**Records shown:**
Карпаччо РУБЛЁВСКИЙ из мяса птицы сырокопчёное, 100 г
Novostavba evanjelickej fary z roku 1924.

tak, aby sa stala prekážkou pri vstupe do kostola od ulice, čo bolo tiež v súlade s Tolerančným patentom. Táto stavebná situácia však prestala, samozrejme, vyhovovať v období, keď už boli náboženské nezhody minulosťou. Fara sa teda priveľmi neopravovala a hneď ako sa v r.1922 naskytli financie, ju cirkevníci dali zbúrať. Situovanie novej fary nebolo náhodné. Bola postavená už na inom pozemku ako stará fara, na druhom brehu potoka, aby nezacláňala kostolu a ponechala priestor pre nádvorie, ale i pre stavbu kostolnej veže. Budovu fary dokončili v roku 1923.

--

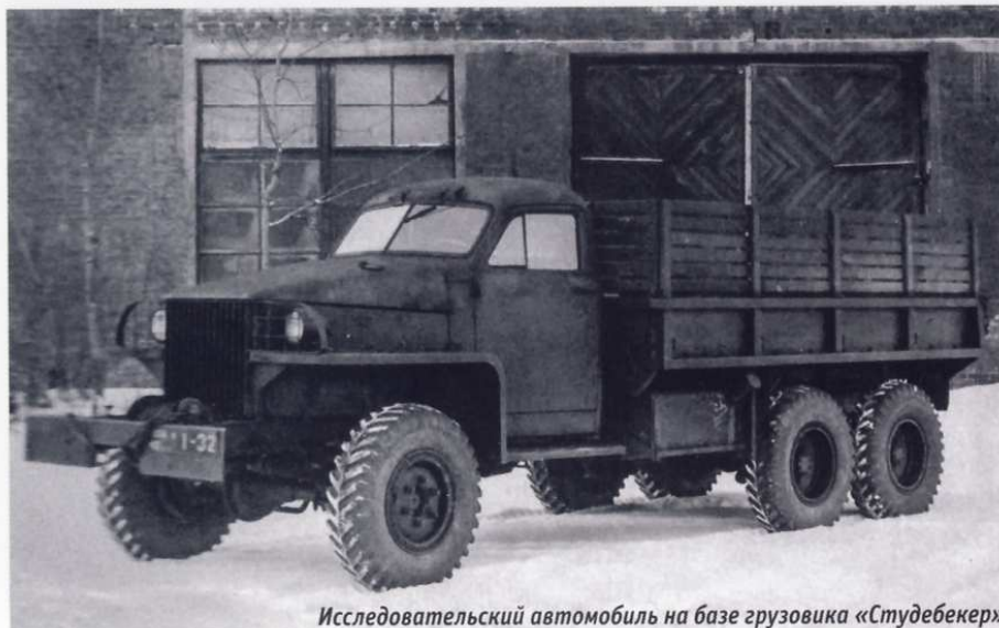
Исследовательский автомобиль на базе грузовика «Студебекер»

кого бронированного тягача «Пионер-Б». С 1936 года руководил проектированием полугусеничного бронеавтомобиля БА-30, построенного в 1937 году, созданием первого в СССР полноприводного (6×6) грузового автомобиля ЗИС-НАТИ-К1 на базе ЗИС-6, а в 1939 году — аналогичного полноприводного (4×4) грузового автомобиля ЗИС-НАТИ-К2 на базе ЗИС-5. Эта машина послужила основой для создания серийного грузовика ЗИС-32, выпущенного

**Try it:**
The lines above, starting at the one with "Карпаччо РУБЛЁВСКИЙ из" and ending at the one with "tak, aby sa", are the only ones to return, exactly as written.

**Response to the exercise:**
Карпаччо РУБЛЁВСКИЙ из мяса птицы сырокопчёное, 100 г
Novostavba evanjelickej fary z roku 1924.

tak, aby sa stala prekážkou pri vstupe do kostola od ulice, čo bolo tiež v súlade s Tolerančným patentom. Táto stavebná situácia však prestala, samozrejme, vyhovovať v období, keď už boli náboženské nezhody minulosťou. Fara sa teda priveľmi neopravovala a hneď ako sa v r.1922 naskytli financie, ju cirkevníci dali zbúrať. Situovanie novej fary nebolo náhodné. Bola postavená už na inom pozemku ako stará fara, na druhom brehu potoka, aby nezacláňala kostolu a ponechala priestor pre nádvorie, ale i pre stavbu kostolnej veže. Budovu fary dokončili v roku 1923.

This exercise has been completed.